PBV was calculated as (eq 4): $$PBV=\frac{\intop\nolimits_{0}^{\infty}C_{lung}(t)dt}{\intop\nolimits_{0}^{\infty }C_{a}(t)dt}$$
PBV calculated from CA concentration estimated using the subtraction method (PBVsub) is linearly dependent on M0_ratio (voxel tissue density), which varies during the respiratory cycle and due to lung pathology. PBVsub can therefore be divided by M0_ratio to avoid this effect and obtain PBVsub_corr. PBV estimates by the normalization method (PBVnorm) and by the T1-based method (PBVT1) do not suffer from this issue. Similar considerations apply to PBF but not MTT.
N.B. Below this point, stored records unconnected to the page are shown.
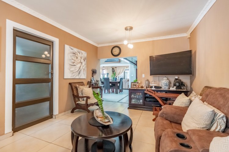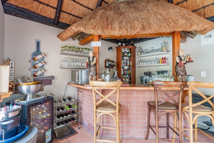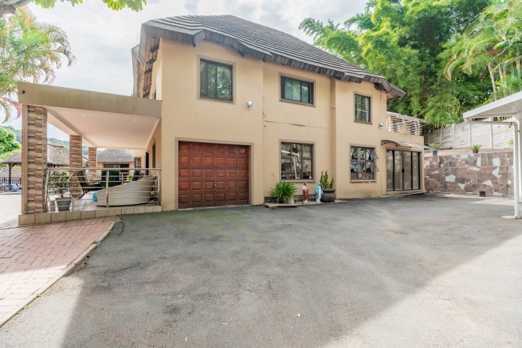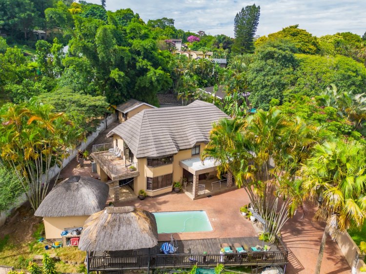 The main house blends warm beige tones with a distinctive thatched roof accent that adds authentic KZN charm and character. Large wooden doors and windows open seamlessly from the interior to the pool deck, blurring the line between indoors and out living and entertaining.
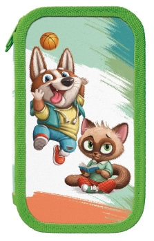 Пенал 2отд Веселые зверята 190х105х35 полиэстер молния зеленый
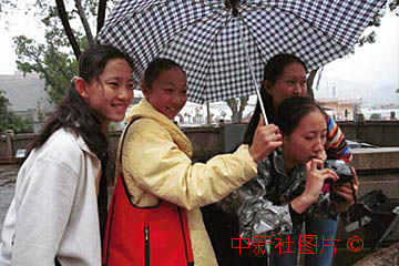 前来澳门参加欢庆回归文艺演出的北京女艺员,十八日在小雨中到妈姐庙前观光拍照。 中新社传真 彭振戈摄
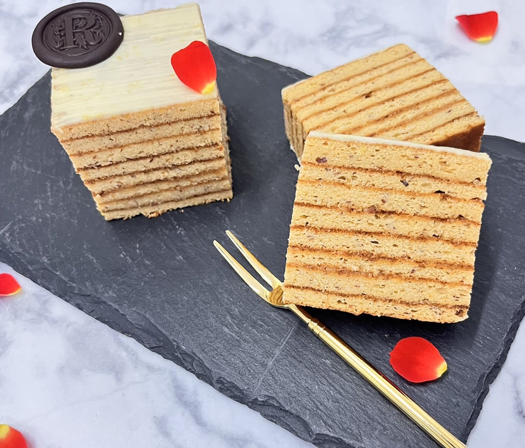 ・8層に重ねた生地を1層ずつ焼く温度を変え、水分を飛ばさないように丁寧に焼き上げることで、通常のバームクーヘンとは少し違った食感を楽しめるように。
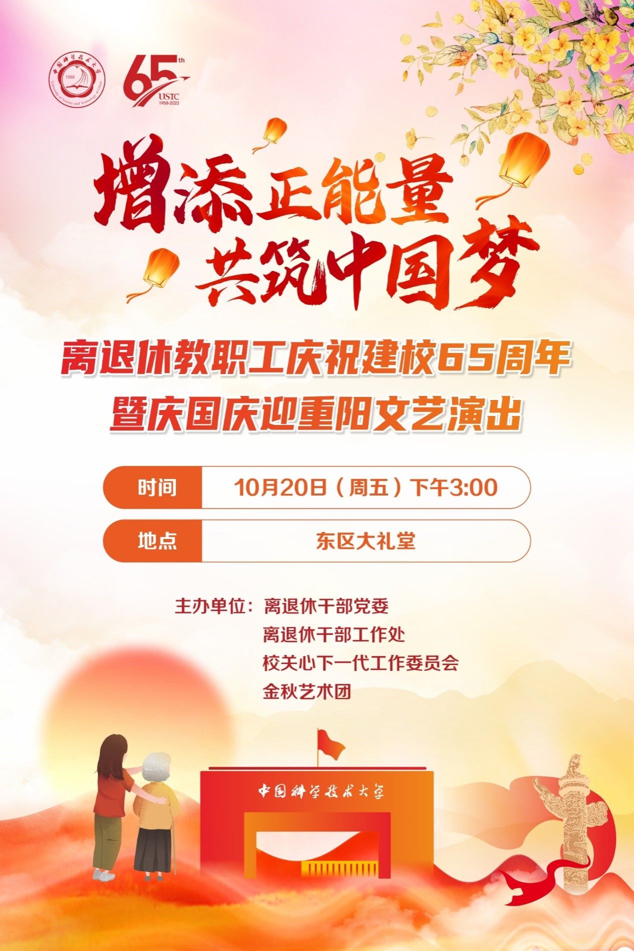 关于举办“增添正能量 共筑中国梦”离退休教职工庆祝建校65周年暨庆国庆迎重阳文艺演出的通知
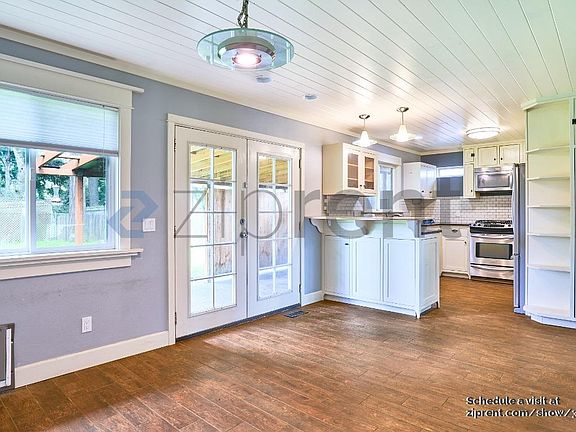 This property is available. Please inquire on this site to schedule a showing. Welcome to 7125 Valley View Dr, a charming multi-level home located in the peaceful neighborhood of Gladstone, OR. This inviting residence boasts a classic exterior with cedar siding and brick accents, surrounded by mature trees that offer a serene setting. The spacious front yard leads to a welcoming entrance, where you'll find a blend of original character and modern updates throughout the home. Inside, the living room features a cozy stone fireplace and built-in shelves, perfect for relaxing evenings. The large windows provide ample natural light, enhancing the warm wood flooring that runs throughout the main living areas. The heart of the home is the bright and airy kitchen, complete with stainless steel appliances, subway tile backsplash, and plenty of cabinet space for all your culinary needs. Adjacent to the kitchen is a dining area with French doors that open to a lovely covered patio, ideal for outdoor dining and entertaining. The backyard is a lush, private oasis, with plenty of space for gardening or play. With spacious bedrooms, updated bathrooms, and a versatile layout, this home offers comfort and convenience. Located near parks, schools, and local amenities, 7125 Valley View Dr is a perfect place to call home. Available: NOW Heating: ForcedAir Cooling: None Appliances: Refrigerator, Microwave, Dishwasher Laundry: Hook-ups Parking: Attached Garage, Off Street, 3 spaces Pets: Dogs Allowed, Cats Allowed Security deposit: $2,850.00 Included Utilities: None Additional Deposit/Pet: $500.00 Disclaimer: Ziprent is acting as the agent for the owner. Information Deemed Reliable but not Guaranteed. All information should be independently verified by renter.
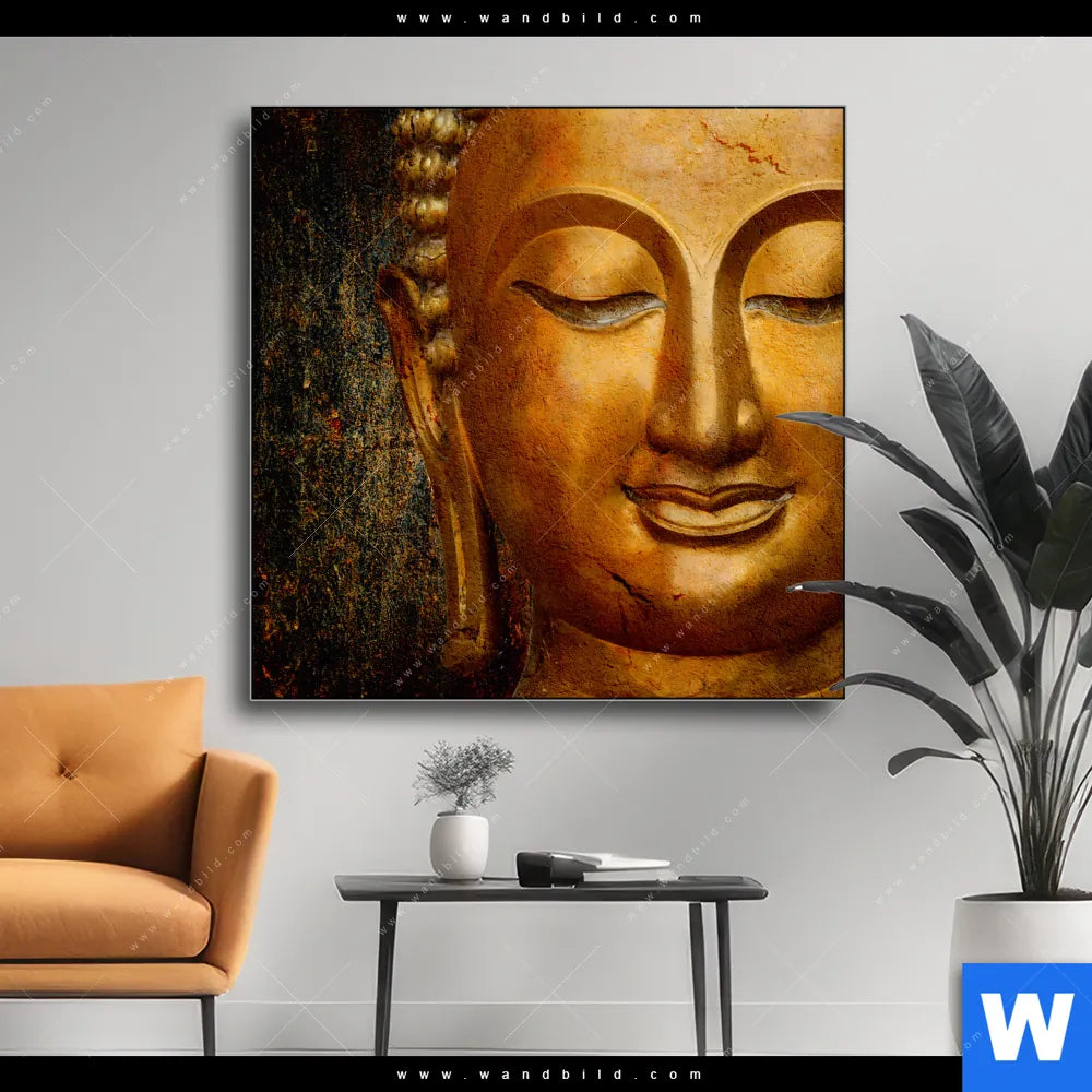 Wechselmotiv | Lächelnder Buddha in Gold | Quadrat
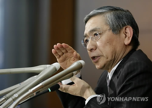 | △ 구로다 하루히코 일본은행 총재(EPA.연합뉴스.자료사진) |
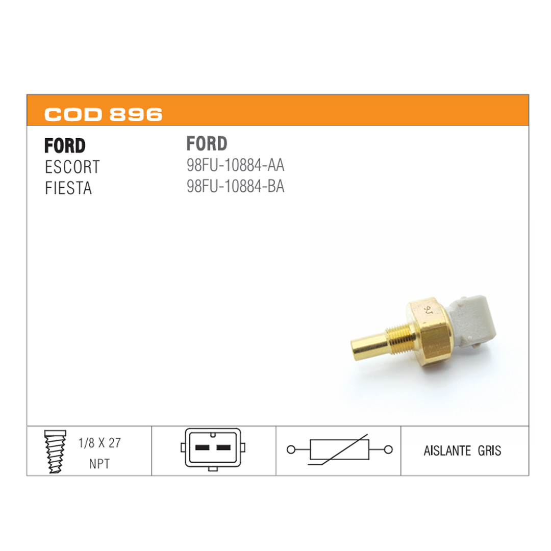 Interruptor de stop Interruptor de retromarcha Interruptor de presión de aceite Interruptor de electroventilador Interruptor de puerta Interruptor de corriente Portalamparas Sensores de temperatura de agua Sensores de presión de aceite eléctrico Termoválvulas de comando carburador Sensores de inyección Conector Sensor de Temperatura Termostatos

The variation of PBV given an AIF concentration peak varying between 1 and 12 mM was also studied to evaluate the potential impact of signal non-linearity with concentration.
Acquisitions
Imaging was carried out on a 1.5 T GE HDx (GE Healthcare, Milwaukee, WI). Patients with ILD were recruited and gave written informed consent. Hyperpolarised 129Xe imaging was performed to obtain ventilated volume VV%9, mean diffusive length scale LMD and mean ADC10, and red blood cell to tissue/plasma ratio RBC:TP11,12. This was followed by a proton 3D variable flip angle (VFA) acquisition to estimate T1 and M0 and a TRICKS (view sharing) dynamic acquisition during which a bolus of 0.06 mL/kg gadoteric acid (Dotarem, Guerbet, Villepinte, France) was administered. The signal in the lung and AIF were converted into concentration-time curves with the ‘subtraction’, ‘normalization’ and ‘T1-based’ method and fitted with a gamma variate equation (eq 1). PBV was calculated and corrected for the ‘subtraction’ method, with M0_ratio estimated by means of the VFA-derived M0 map, normalising the lung M0 by the average M0 in the AIF ROI.Results
Figure 1 reports the obtained PBV from the simulations with the four methods considered. Figure 2 reports the variation of PBV depending on the AIF peak, which highlights AIF peak value-related bias in the subtraction and normalisation methods.Fifty-four ILD patients were imaged, with seven datasets not analysable. Figure 3 presents example maps in a single subject. PBV averages in the population were PBVT1=39.2 ± 15.1, PBVsub=13.3 ± 5.2, PBVnorm=33.9 ± 10.2, PBVsub_corr=48.4 ± 14.9 ml/100ml (figure 4).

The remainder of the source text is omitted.